Archivo mensual: mayo 2013

La solución disruptiva

Sin dejar de ser lo que somos, urge un cambio de visión, resetear o reiniciar nuestros planteamientos, porque hacer lo que siempre se ha hecho nos condena a la desaparición


Por: Juan Carlos Valero / Día 29 de mayo – 2013 / Link ABC

ABOMINO de la expresión «siempre se ha hecho así». Grandes compañías como Blockbuster y Kodak han desaparecido precisamente por seguir esa máxima funcionarial en un mundo donde la globalización, de la mano de la tecnología, ha hecho que el cambio sea nuestro hábitat, hasta el punto de vivir con la certeza de que mañana todo será diferente. El gigantesco videoclub, que llegó a tener 60.000 empleados, y el titán de la fotografía son ya historia porque contemplaron el futuro desde la autocomplacencia de su éxito. Frente a esa tendencia, compañías electrónicas como Apple invadieron sectores que les eran ajenos, como el del entretenimiento, y hoy en día su tienda iTunes descarga millones de canciones frente al agonizante mundo discográfico.

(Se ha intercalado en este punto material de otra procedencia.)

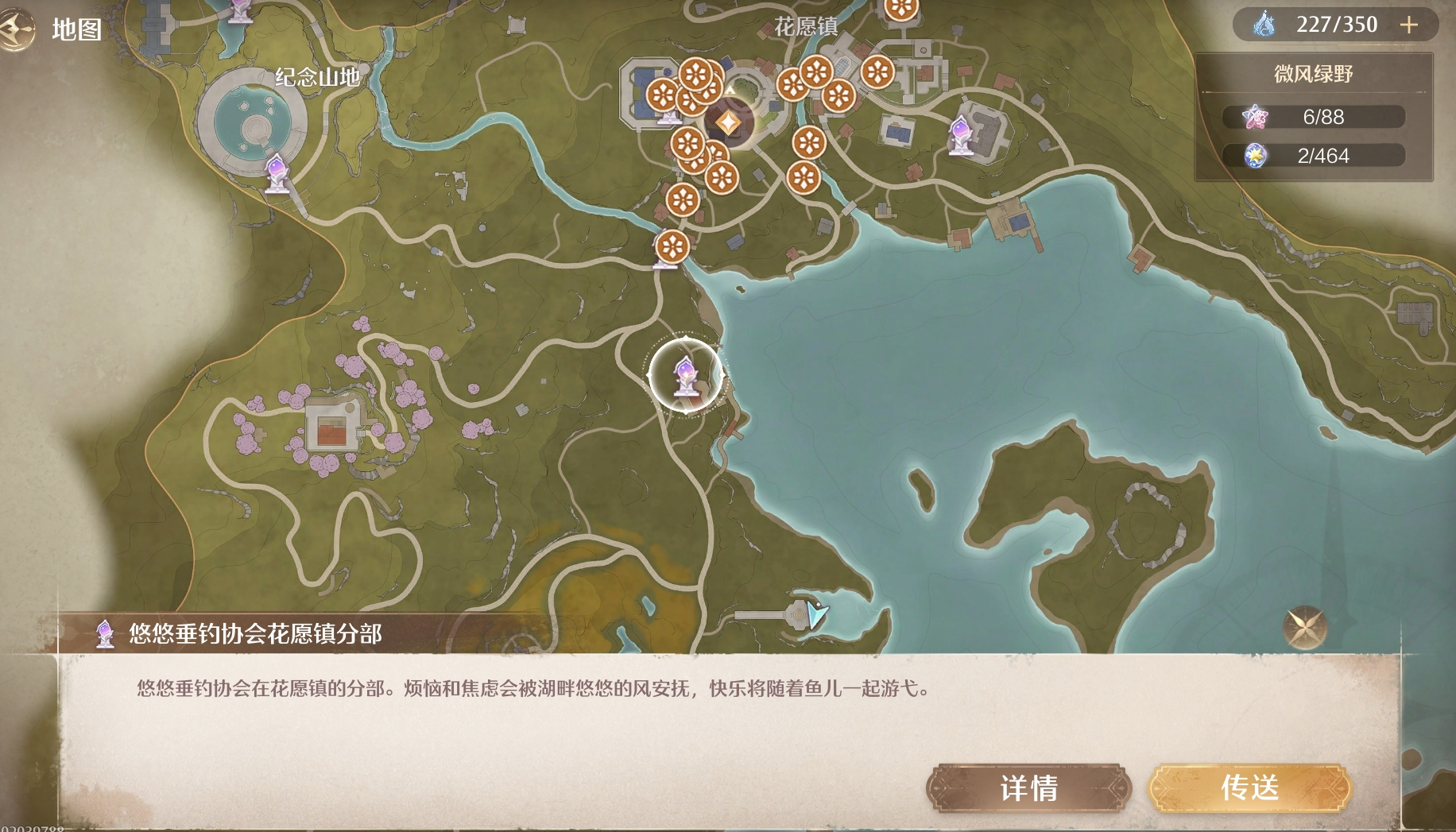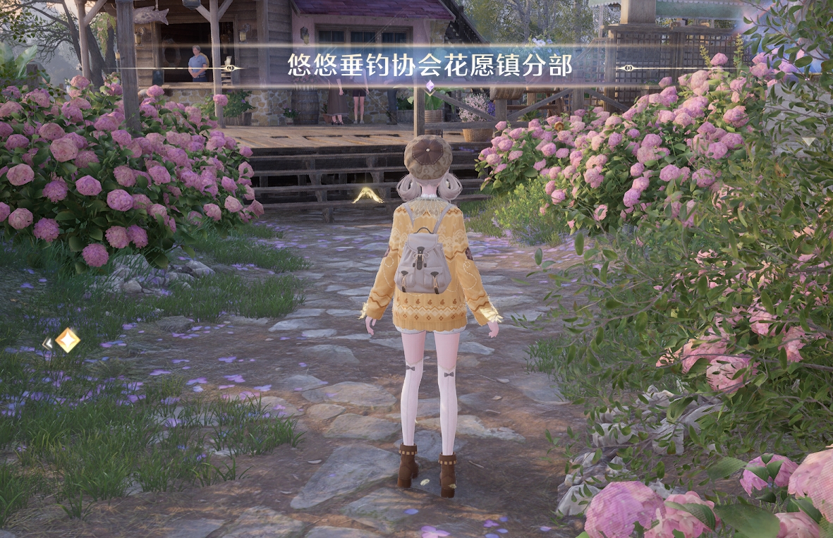 请在地图上查找钓鱼协会的位置。它位于花愿镇附近,通过心愿花街前行即可。由于所在位置较低,您可以轻松地穿越这段路程。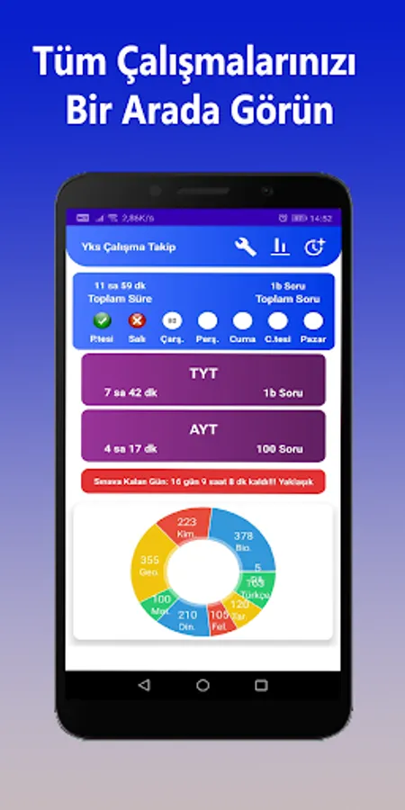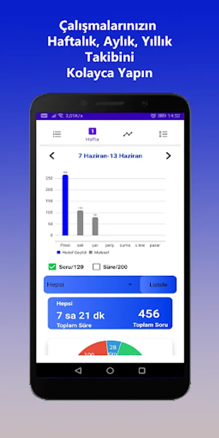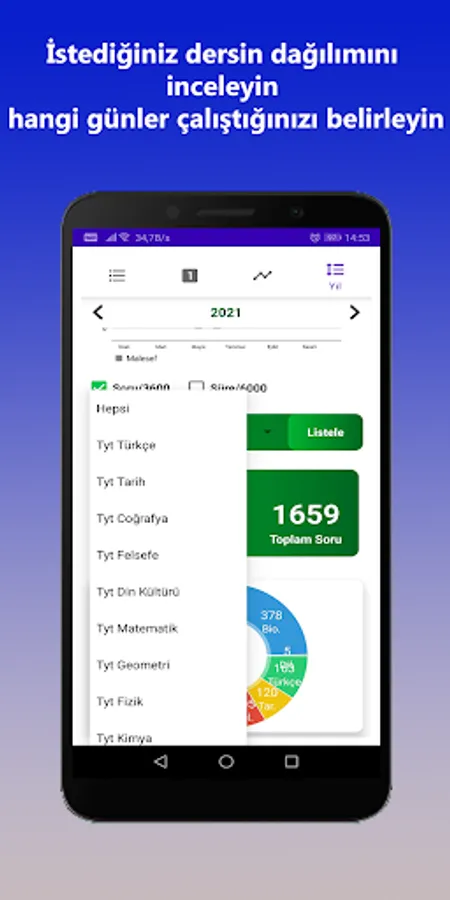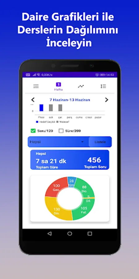 Review your individual days with column charts. See the distribution of your lessons with the circle graph. We wish you good work...

Otras compañías tuvieron que tirar de talonario para adquirir a los competidores que les cuestionaban su futuro. Fue el caso de Disney con la compra de Pixar para evitar que le comiera el terreno en la animación. Nokia, que hasta hace cinco años eran un referente en el sector de las telecomunicaciones y también paradigma de la innovación finlandesa, ha sido desbancada por Samsung porque la coreana entendió las tendencias e incorporó decididamente las redes inteligentes a sus productos.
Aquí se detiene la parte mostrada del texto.